Борис в краткой и жесткой форме изложил свою точку зрения на необходимость чистки крупнейшего в мире производителя электроэнергии, компании, в которой ежедневно пропадают миллионы долларов. ЕЭС была черной дырой, высасывающей жизненные силы из экономики страны, сводя к нулю все усилия по решению финансовых проблем России. В России предприятия вообще не оплачивали счета за электроэнергию. В результате все заводы и фабрики, муниципальные власти, больницы и учебные заведения были должниками ЕЭС. В свою очередь, ЕЭС становилась должником угледобывающих предприятий, которые не могли платить зарплату своим рабочим и умоляли Немцова сделать хоть что-нибудь для их выживания. Немцов пытался договориться с ЕЭС о снижении тарифов, об отмене просроченных счетов по налогам и так далее, но все было напрасно. Работа Бориса состояла в том, чтобы разорвать этот порочный круг взаимных долгов, заставив смертельно уставшие предприятия платить путем простого отключения их от подачи электроэнергии. На самом деле было легче сказать, чем сделать, ибо подобное отключение могло привести к полному хаосу в городах, в которых ничего не было, кроме промышленных предприятий.

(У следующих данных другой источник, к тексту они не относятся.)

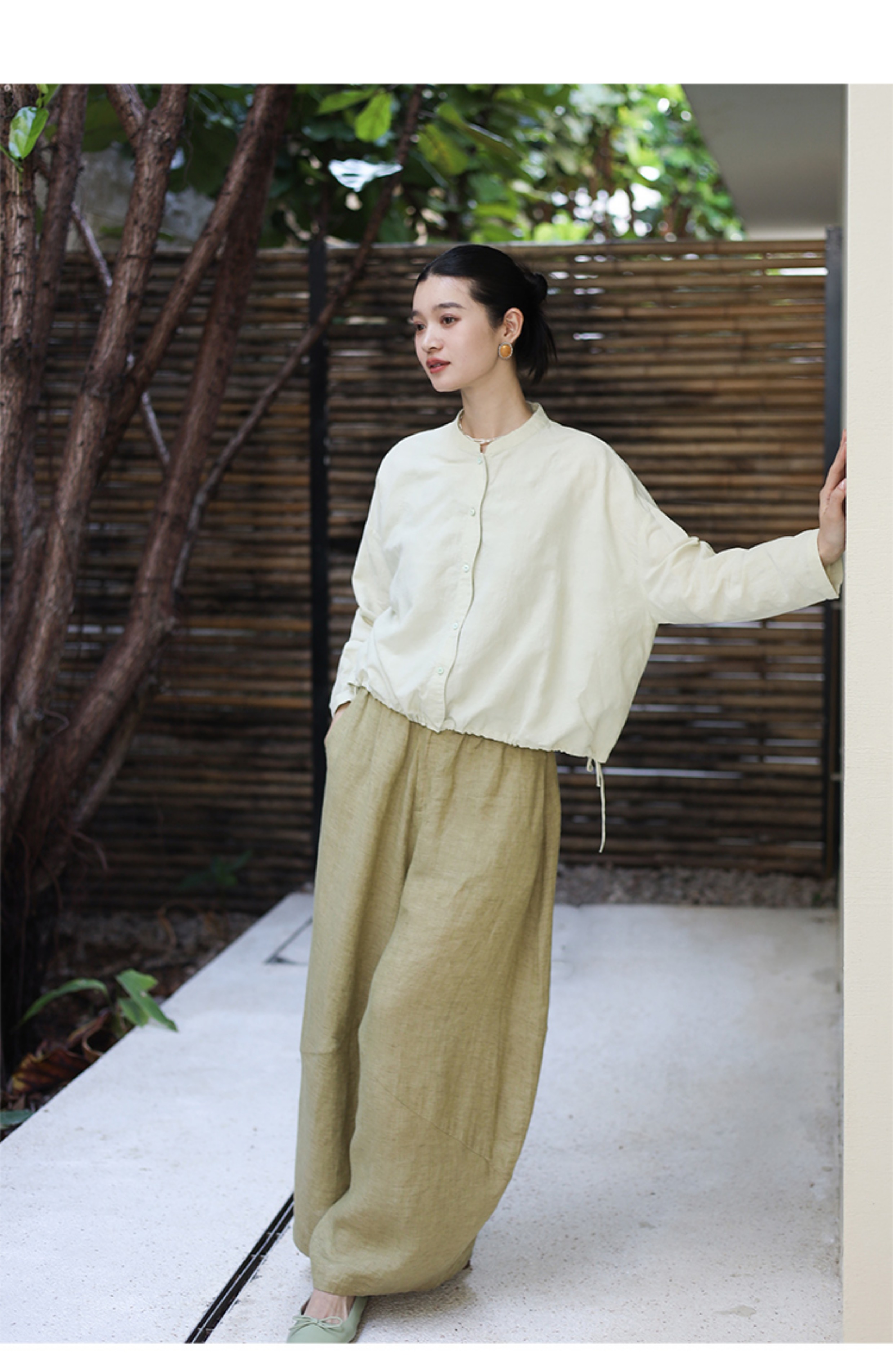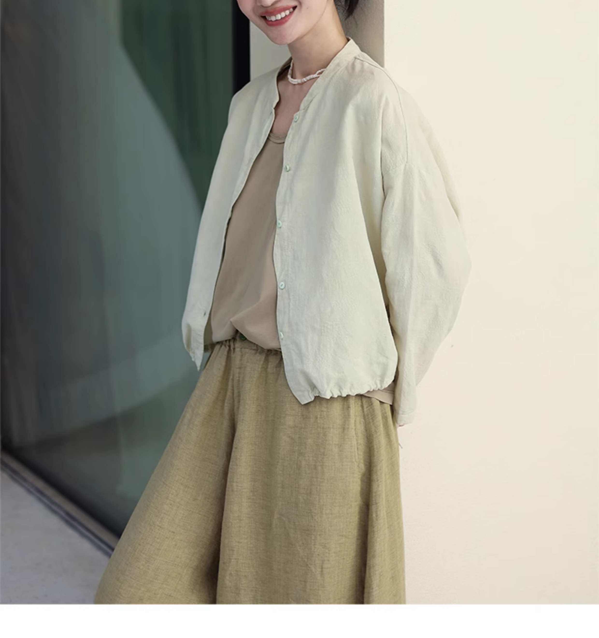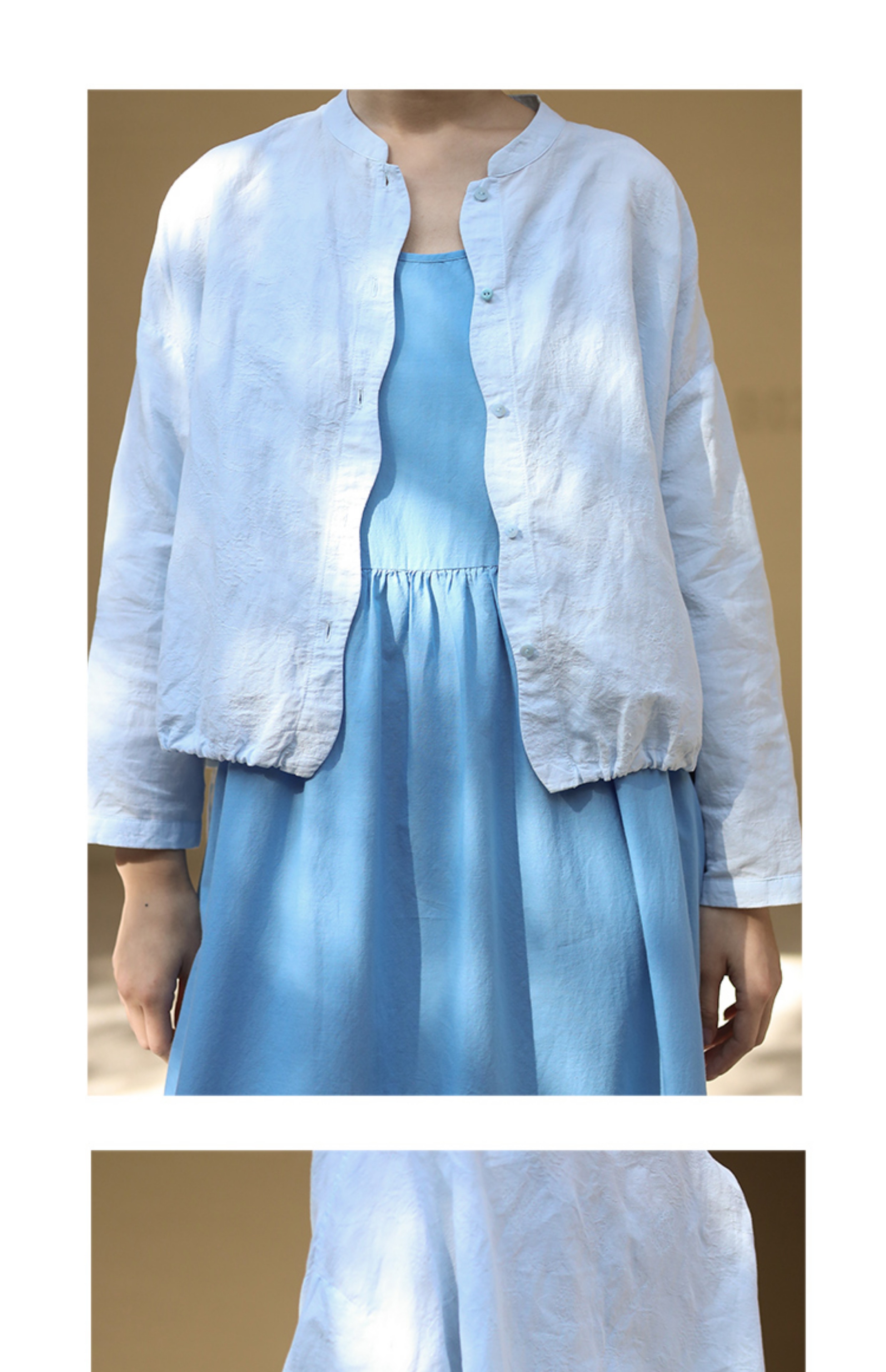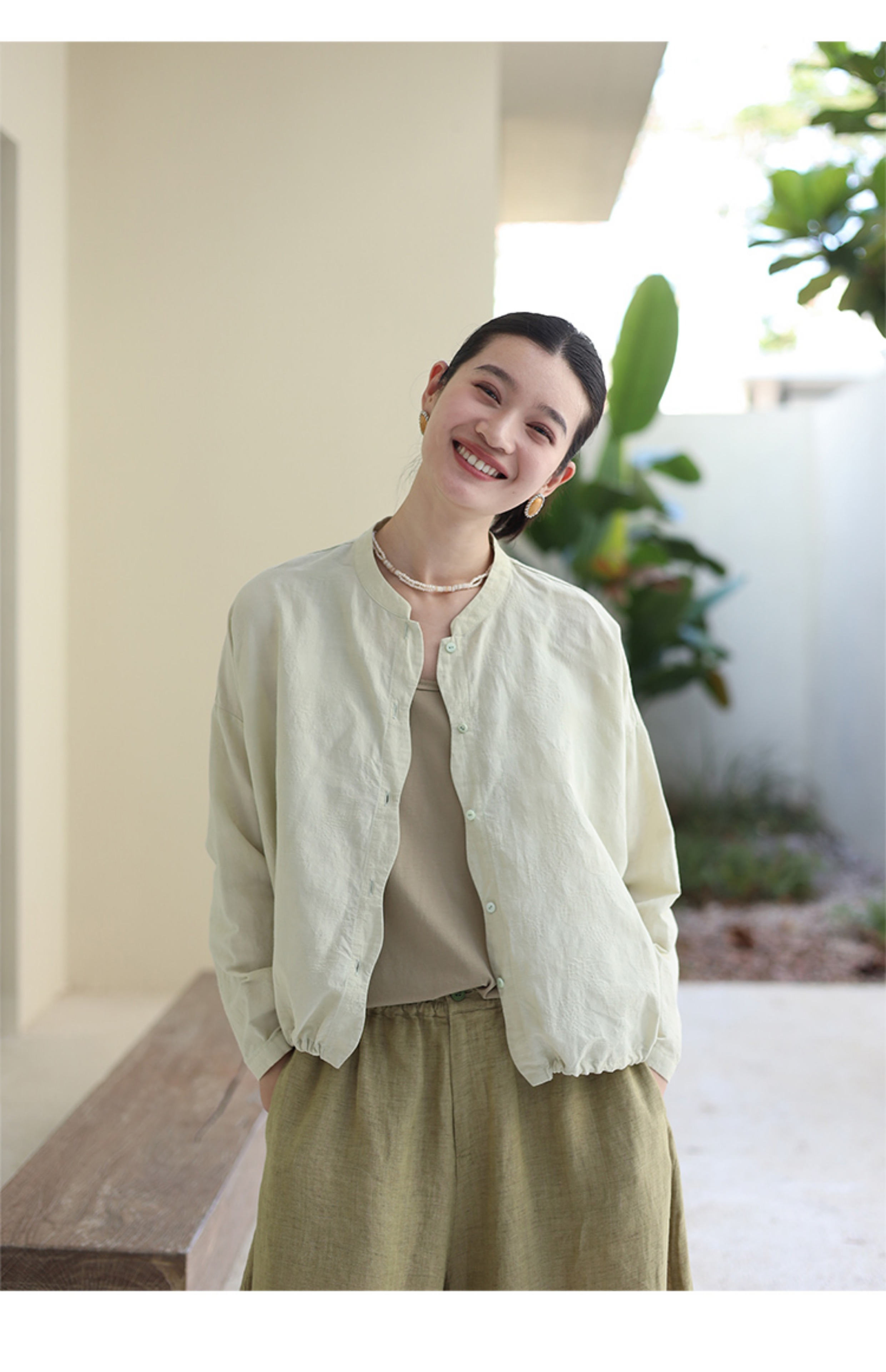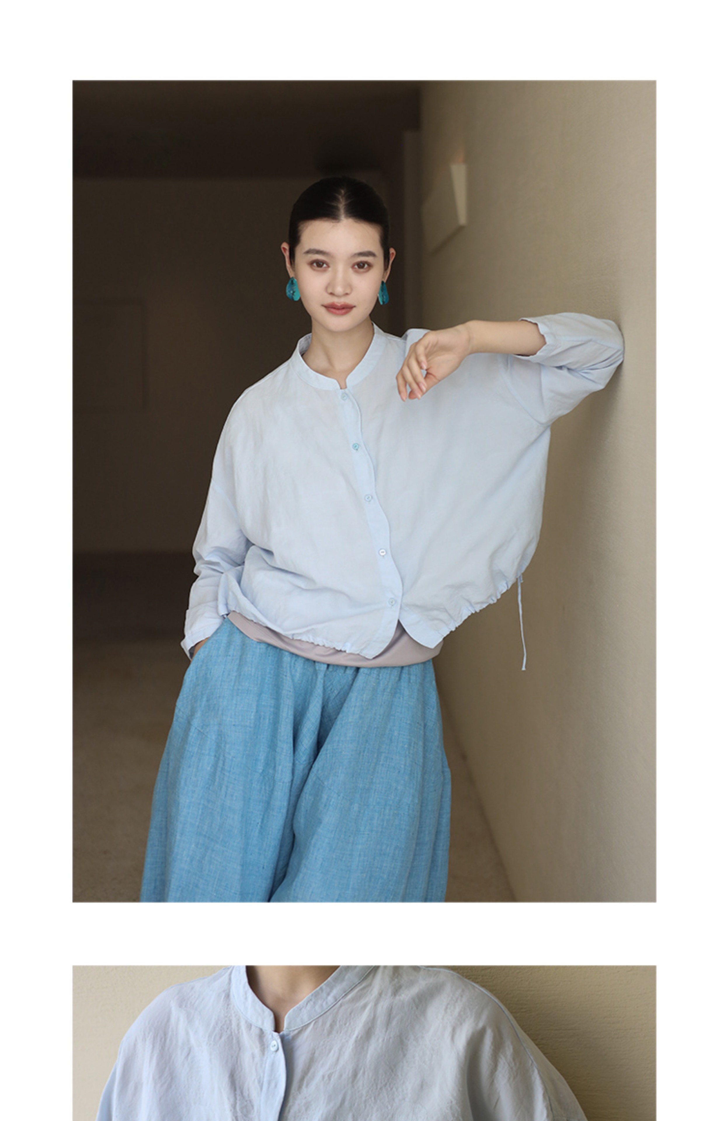 绽放191朵/【宋瓷系列】汉麻棉提花设计感衬衫陶瓷扣点缀开襟小衫

В тех случаях, когда предприятия хотя бы частично платили за электроэнергию, недостающую часть наличных денег они доплачивали по бартеру. ЕЭС собрало умопомрачительное количество подобных доплат – до восьмидесяти восьми процентов оплаты было в виде зерна, леса, цемента, сахара, спиртных напитков, автомобильных покрышек, тракторов, комбайнов, хлопка, крепежа и даже партий боеприпасов от бывшего оборонного завода вблизи Владивостока. ЕЭС, в свою очередь, использовало полученные по бартеру товары для оплаты своих счетов за уголь. Можно только представить себе лишенных дара речи шахтеров где-нибудь в провинции России, когда они получали вместо зарплаты продолговатые двенадцатидюймовые резиновые изделия.
– Эта порочная система, – сказал Борис, – была разрешена официально, поскольку руководители заводов и фабрик были убеждены в том, что большая часть наличных денег попадала в другие руки во время встреч руководителей ЕЭС в дорогих ресторанах по всей России.
Борис надеялся положить конец всем этим несуразностям и начал с того, что отверг предложенную ему в первую же неделю работы взятку в один миллион долларов.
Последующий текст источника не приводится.